Riddles of Hagiographic Icons
Exhibitions
6+

Riddles of Hagiographic Icons

Kolomenskoe
image

MARCH 5 — JUNE 29, 2025

Tue. - Sun. 10:00-18:00

Palace of Tsar Alexey Mikhailovich, Small Exhibition Hall, Entrance 5. Bldg 69, 39 Andropov Avenue

Kolomenskoe Museum-Reserve presents the exhibition “Riddles of Hagiographic Icons”. The exhibition at the Palace of Tsar Alexey Mikhailovich displays iconographic images from the late 15th — last quarter of the 19th century from the museum-reserve collection and private collections.


Hagiographic icons appeared in Byzantium, and the oldest ones among surviving date back to the 12th century. Similar images of Russian saints started to spread widely after the canonization of a number of wonderworkers under Metropolitan Macarius at the Local Councils of 1547 and 1549. Like fresco paintings, they served an educational function: they explained the details of religious doctrines, as well as illustrated the most complex theological subjects.

As a rule, a full-length or waist-length image of the saint is placed in the center of a hagiographic icon, with scenes of his life and miracles arranged around it. The events of the saint’s life can be separated with borders and arranged in so-called marginal scenes, framing the centerpiece, or depicted in the background on the sides of the saint. The images on hagiographic icons illustrate the hagiography texts. They can be borrowed both from canonical sources and apocryphal literature.

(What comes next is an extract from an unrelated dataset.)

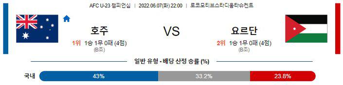 이번 대회가 중동에서 열린다는 점과 양 팀 주소모두 앞선 두 경기에서 언더(2.5 기준)가 나왔다는 점을 고려하면 언더(2.5 기준)의 가능성도 존재한다. 후술하겠지만, 호주 대표팀은 유럽에서 뛰고 있는 선수들의 개인 능력을 바탕으로 현재까지 1승 1무를 기록 중. 요르단도 만만치 않은 전력으로 대회 복병 역할을 수행하고 있지만 피지컬을 앞세운 호주의 승리가 예상된다.

Visitors to the exhibition at the Palace of Tsar Alexey Mikhailovich will see traditional episodes found in the lives of saints and learn how to ‘read’ a hagiographic icon correctly. The iconography is complemented by books and graphics, liturgical garments, copper-cast icons, wooden carvings and mother-of-pearl carvings.

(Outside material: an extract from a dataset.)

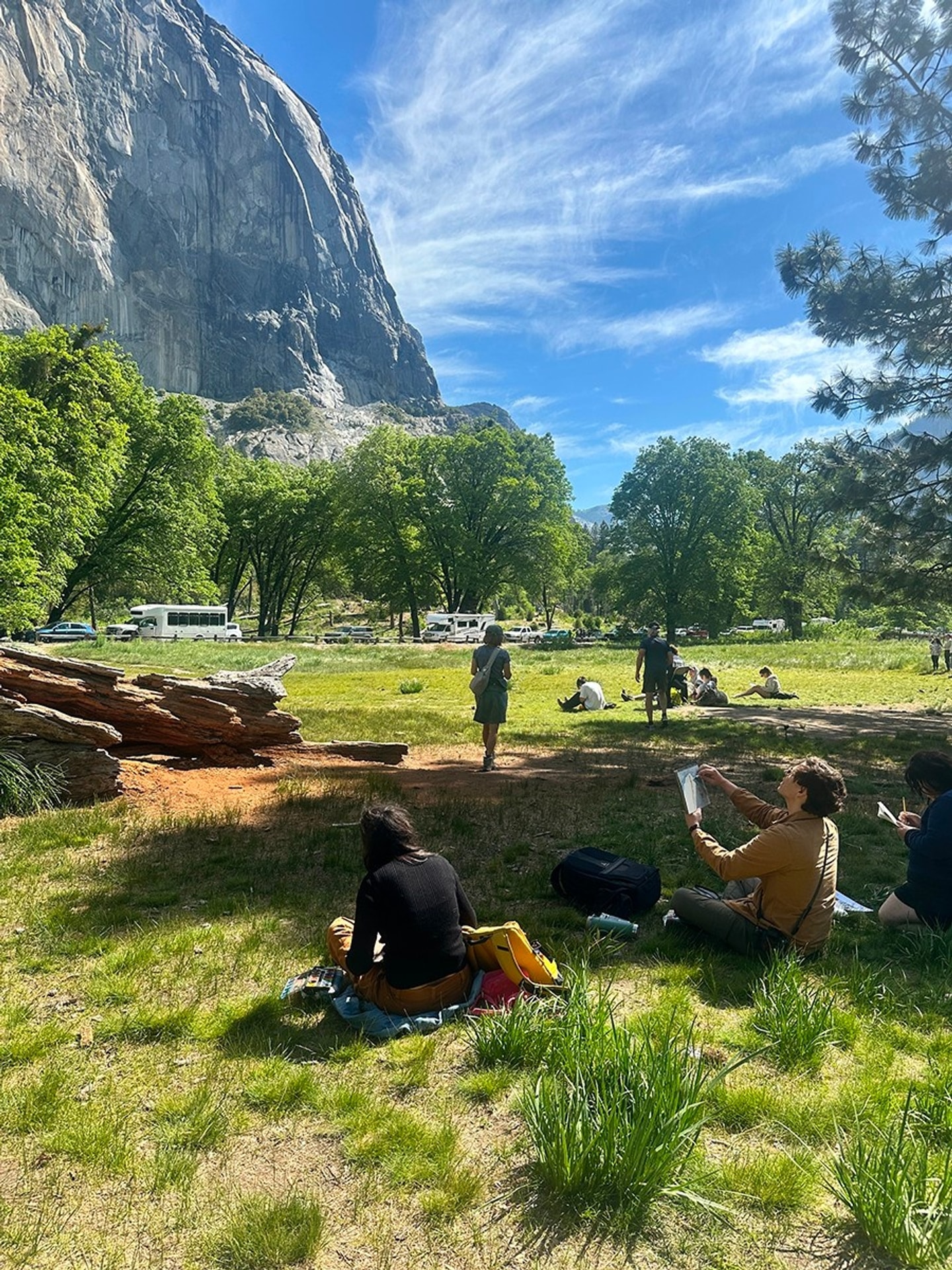 Students sketching at Yosemite National Park. Working from the same vantage points as Chiura Obata, students drew Half Dome and El Capitan while studying Obata’s paintings and writings on nature and creativity. The exercise connected direct observation with Obata’s artistic philosophy and his experience of the American landscape as a Japanese immigrant artist and educator.

The exhibition presents ancient images of St. Nicholas the Wonderworker, the Prophet Elijah, John the Baptist, the Great Martyr George, the Great Martyr Paraskeva, the Great Martyr Barbara, the Martyr Anastasia of Rome, Blessed Procopius and John of Ustyug, St. Mary of Egypt, St. Demetrius of Rostov. There are also rare hagiographic icons of St. Athanasius of Alexandria, the Unmercenary Saints Cosmas and Damian, and the Great Martyr Marina of Antioch.

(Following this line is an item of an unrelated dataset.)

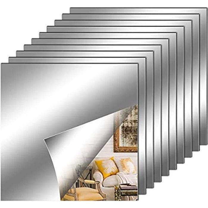 10 Pièces Miroir Muraux Autocollant 30 x 30 cm Miroir Carrés Adhésif Décoratif Argenté Amovible Autocollant Mural Décorative Auto A

The icon of St. Onuphrius the Great depicting the hagiography of the holy hermit elder is worthy of special notice. It was created in the workshop of the Solovetsky Monastery and was originally located in a local church founded in 1666. In 1976, the image was restored in the Grabar Art Conservation Center. Experts came to the conclusion that the iconographer depicted the walls and church of the monastery of Eryth as the white-stone Solovetsky monastery, and the chariot of Tsar Narseh as the carriage of Peter the Great. The emperor visited the Solovki Islands in 1702 with his son Tsarevich Alexey.